# Roussel's Exotic And Fascinating Opera Padmavati



## superhorn (Mar 23, 2010)

Padmavati , by Albert Roussel , may be the greatest opera you've never heard .
This highly original French composer, who lived from 1869 to 1937 , was apparently 
inspired by his visit to India about a century ago to write this unique opera/ballet , which 
tales place in medieval India during the Moghul conqest of the subcontinent .
It was first performed in 1923 at the Paris opera to considerable acclaim , and had a few revivals there over the years , but has somehow never achieved the lasting place in the repertoire it deserves , which is a pity, because it's one of the most gripping, colorful and 
fascinating operas you're ever likely to hear.
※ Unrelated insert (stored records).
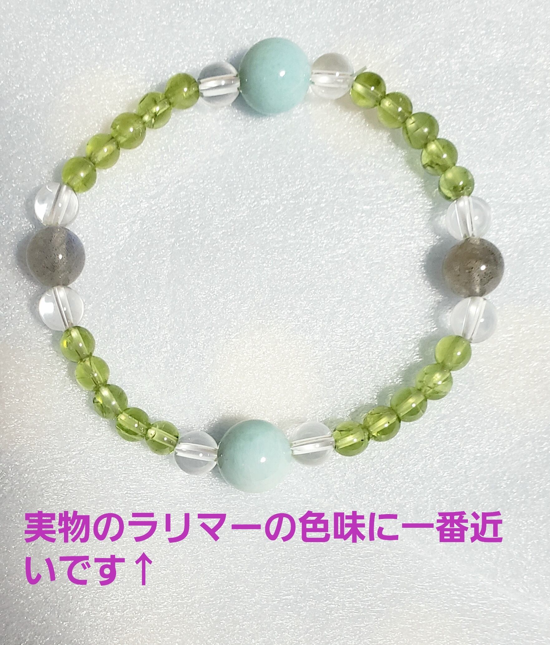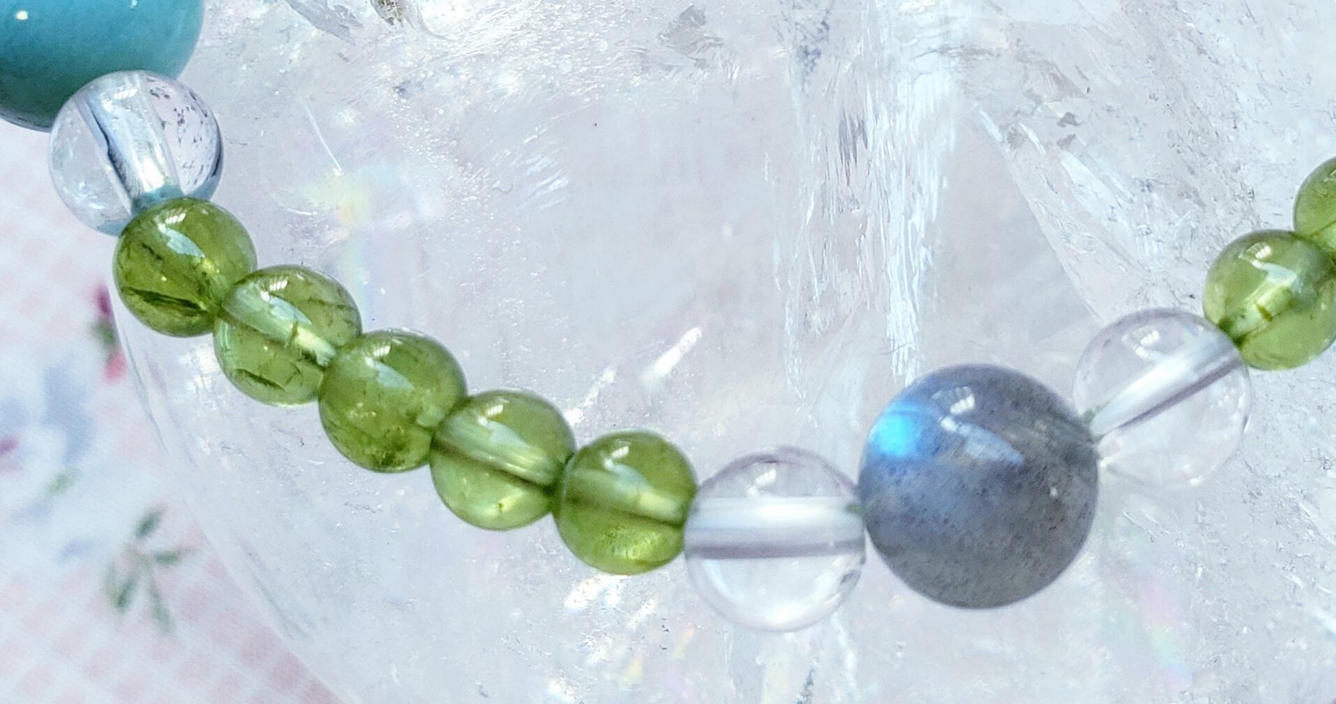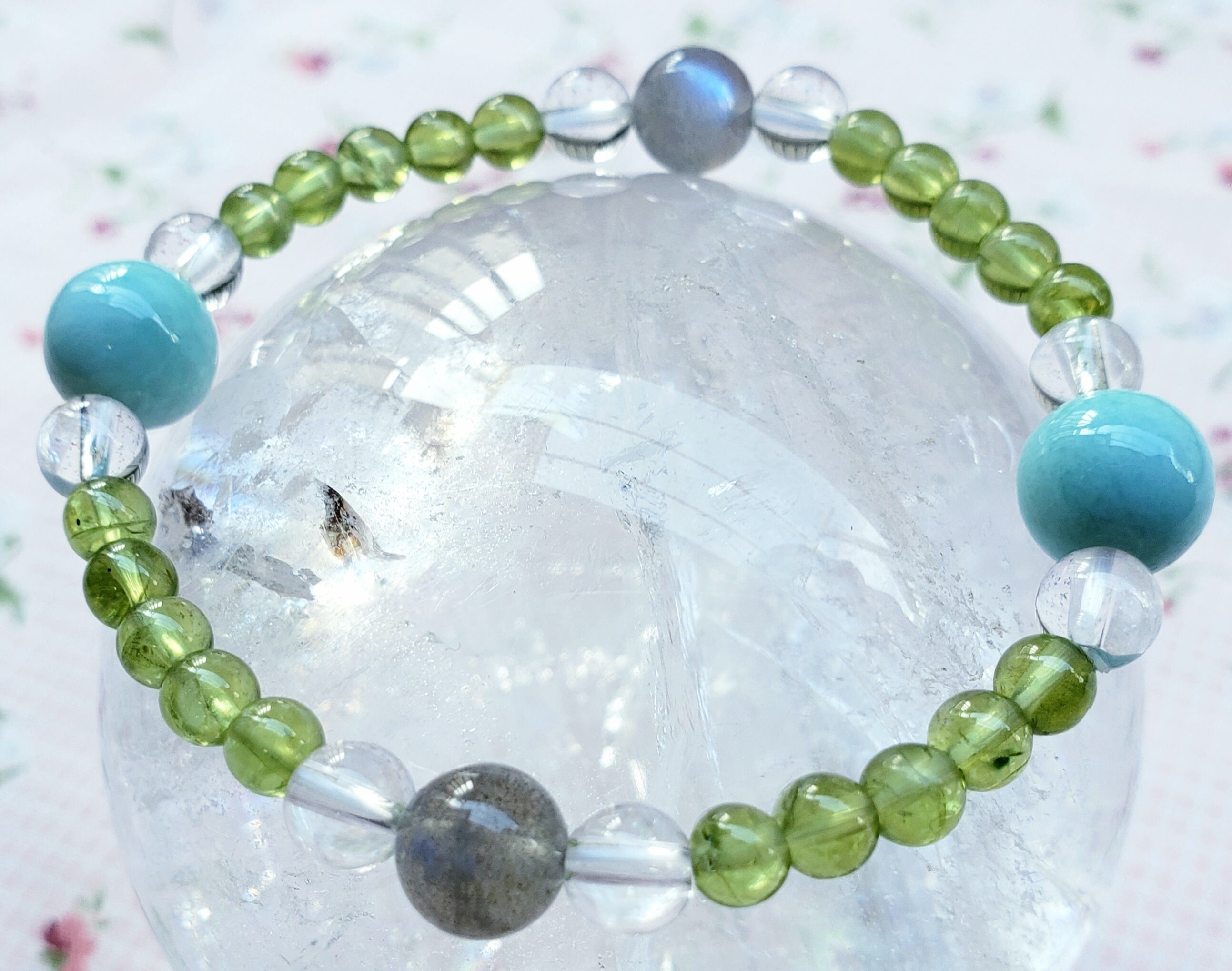ペリドット、ラブラドライト、ラリマー、水晶のブレスレット
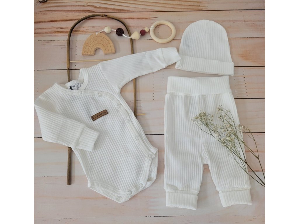 Žebrované zavinovací body, tepláčky a čepička Kazum 3D bavlněná sada, bílé
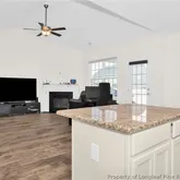 - Interior Features: CeilingFans, EntranceFoyer, EatinKitchen, GraniteCounters, GardenTubRomanTub, KitchenIsland, KitchenDiningCombo
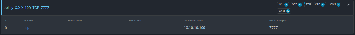 6. tcp dst X.X.X.100 dport 7777-> policy_X.X.X.100_TCP_7777
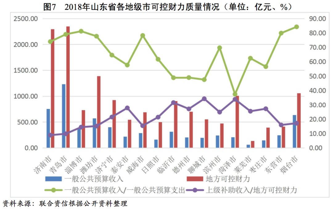 山東省經濟規模處于全國上游水平,2018年GDP排名全國第三,一般公共預算收入排名全國前列,政府債務率處于全國偏低水平,整體債務負擔輕。
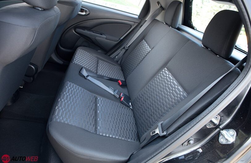 Una de las bondades del Etios es su espacio interior, algo que evidencian las plazas traseras, donde hay lugar de sobra para las piernas y las cabezas; nadie rozará el techo. Además, el piso de la quinta plaza es prácticamente plano, mejorando la comodidad de quien se siente allí. La limitación de ese lugar radica en la acotada anchura de la carrocería (1,69 m).
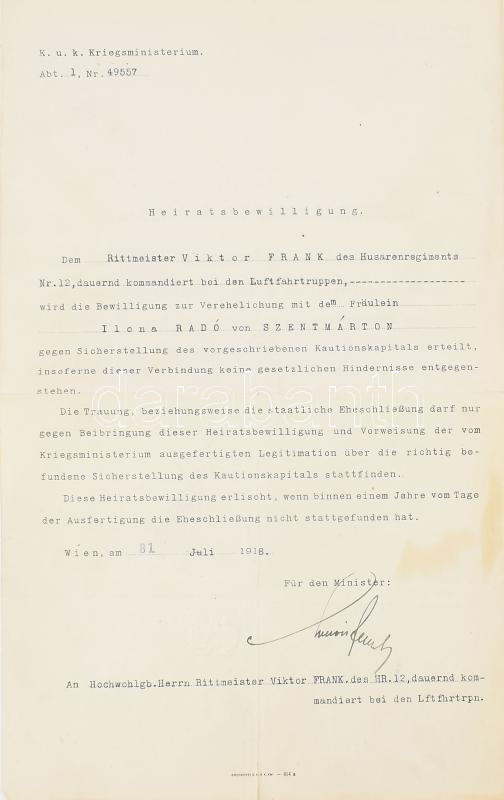 1918 Frank Viktor százados, a repülőcsapatok parancsnokának házassági engedélye
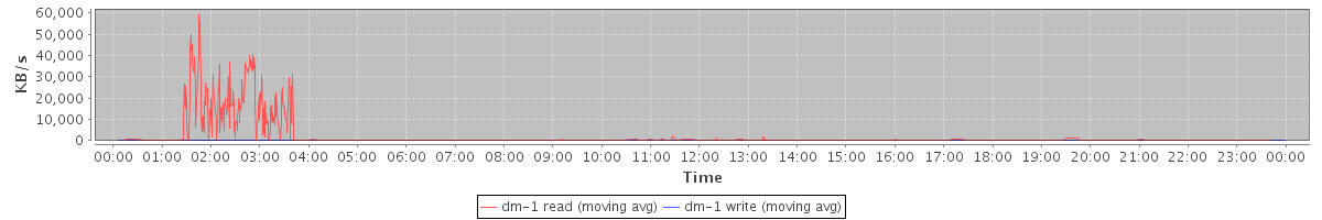 avg(dm-1 read) = 26.18 avg(dm-1 write) = 0.75
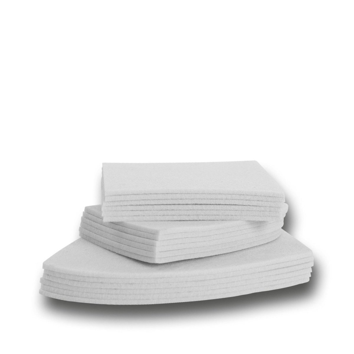 Inlägg av filt till protectors korrektionspaddar med fårskinnsinsida. Komplett set med 18 st filt-inlägg.
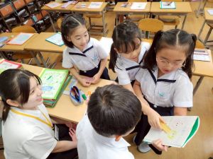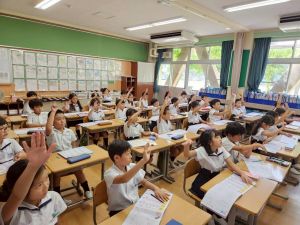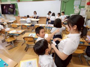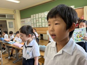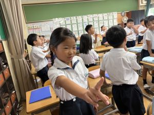 それは、漢字学習の時間に、実習の先生方が前に立っておられました。
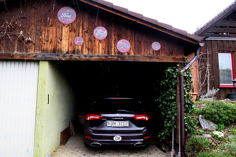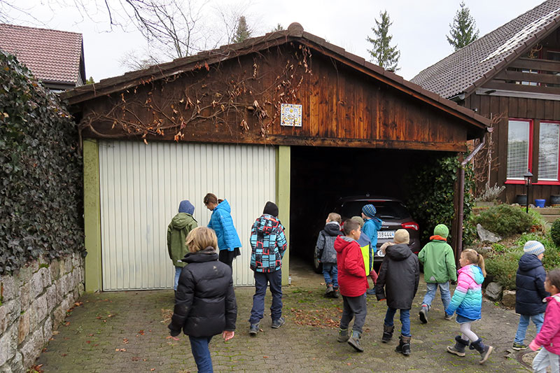 «Ja natürlich, ihr könnt sehr gerne für meine Garage ein Kunstwerk entwerfen. Der beste Ort dafür ist der Giebel. Aber nur die rechte Hälfte, weil die linke Seite der Garage gehört nicht mir.» Herr Stucki gibt also den Kindern der 1. – 3. Klasse von Anja Tischer und Björn Engeloch ziemlich genaue Vorgaben mit auf den Weg, als sie ihn zum Mitmachen beim 19. Projekt von Vespa-Jet anfragen. In der rechten Hälfte des Garage-Häuschens hat es kein Tor und deshalb ist sofort erkennbar, dass Herr Stucki einen Ford fährt. Prominent präsentiert er sein Hinterteil den Passanten auf der Quartierstrasse – der Ford natürlich, nicht Herr Stucki.
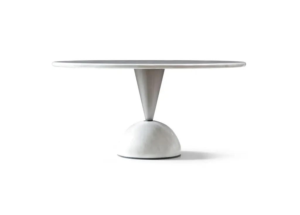 The Pia Round Dining Table is a masterpiece of modern design, combining high gloss white marble with a brushed black stainless steel conic base. The table’s round marble top exudes a sense of luxury and sophistication, with its smooth, reflective surface creating a striking focal point in your dining area.
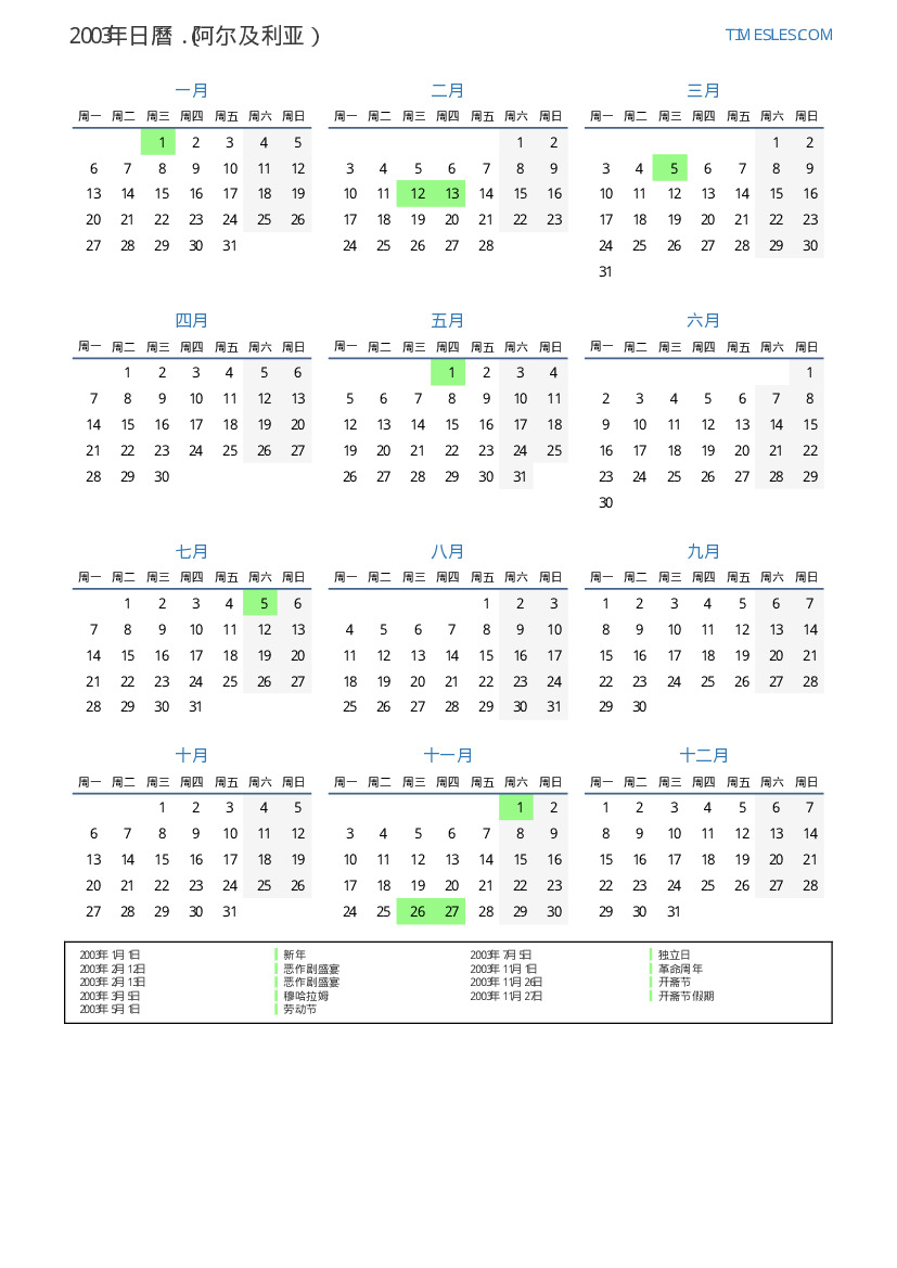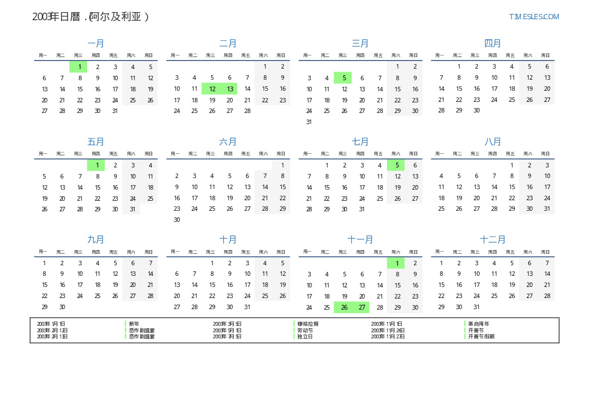 下載並打印2003年阿尔及利亚節假日和周末的PDF日曆
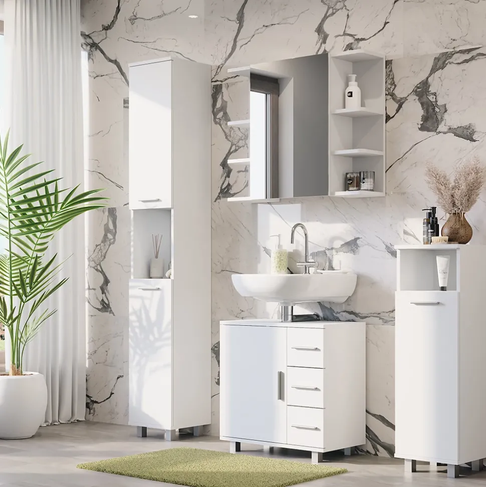 - Die Badmöbel ist stilvoll, funktional und praktisch. Sie bieten viel Stauraum und verleihen Ihrem Badezimmer ein modernes, ansprechendes Erscheinungsbild.
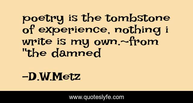 This page presents the quote "poetry is the tombstone of experience, nothing i write is my own.~from "the damned". Author of this quote is D.W.Metz. .

It still awits its U.S. premiere , although Christoph Eschenbach, recently installed as music director of the Washington National symphony, led excerpts from it earlier this year at a Washington concert .
There was a revival at the Paris Theatre de Chatelet a few years ago , which was 
very enthusiastically received , and the production later moved to the Spoleto festival in Italy, but with a different cast and conductor .
The plot of Padmavati is quite straightforward ; the conquering Moghul Sultan Alauddin comes to the city of Chitoor after a long conflict ostensibly to make peace with the Maharajah Ratan Sen, but secretly covets his dazzlingly beautiful wife 
Padmavati, who is revered by the local people as almost divine . 
But he soon decrees that if Padmavati is not immediately handed over to him , his army will destroy the entire city and slaughter all of its inhabitants .
Padmavati, her attendants, and the Brahmin priests retreat to a secret Hindu temple in th emeantime while Ratan Sen and his Indian troops valiantly fight the Moghul army .
The maharajah returns wounded to the temple and begs his wife to yield to the Sultan in order to spare the people and the city . But she refuses adamantly , 
and stabs her husband to death so that she will be required by Hindu law to commit Suttee, or the ritual burning of widows . 
She goes through an elaborate ritual of immolation , and at the very end , Alauddin and his troops have finally penetrated the temple . But she is no more, and 
everything was in vain ! 
Roussel's score sounds like no opera you have ever heard , and the orchestration is
filled with the most dazzling colors you have ever heard .
As the composer had the opportunity to study traditional Indian music at the source,
the music sounds much more authentically Indian than such entertaining but pseudo 
Indian operas as Delibe's Lakme and Bizet's The Pearl Fishers .
There are extended ballet sequences . Russel's music sounds nothing like his 
better-known contemporaries Debussy and Ravel ; it is much more rugged and dissonant , yet often full of sensuous, sinuous melodic lines . 
So far, there have been only two recordings, one live, and one studio.
The studio version from the 80s , and a superb one ,features Marilyn Horne in the title role, Nicolai Gedda as her husband , and Jose Van Dam as the Sultan , with a sizable number of smaller roles filled by some excellent French singers .
The conductor is Michel Plasson , who has recorded so much interesting off-beat French music, with the excellent Toulouse orchestra and a chorus from Barcelona ,in 
vivid and atmospheric sound on EMI .
I haven't heard the other one, from a live concert performance in London in 1969, the Roussel centennial year, conducted by Jean Martinon, who had been a pupil of the composer .
There may still be some copies left at arkivmusic.com .
Do try this fascinating and unique opera ballet if you can find a copy .
Let's hope that Leon Botstein will do Padmavati sometime soon in New York with his
American symphony .


----------



## Manxfeeder (Oct 19, 2010)

I agree. I'm not much of an opera fan, but I stumbled on the Plasson recording at a used CD store and have been taken with it from the start.


----------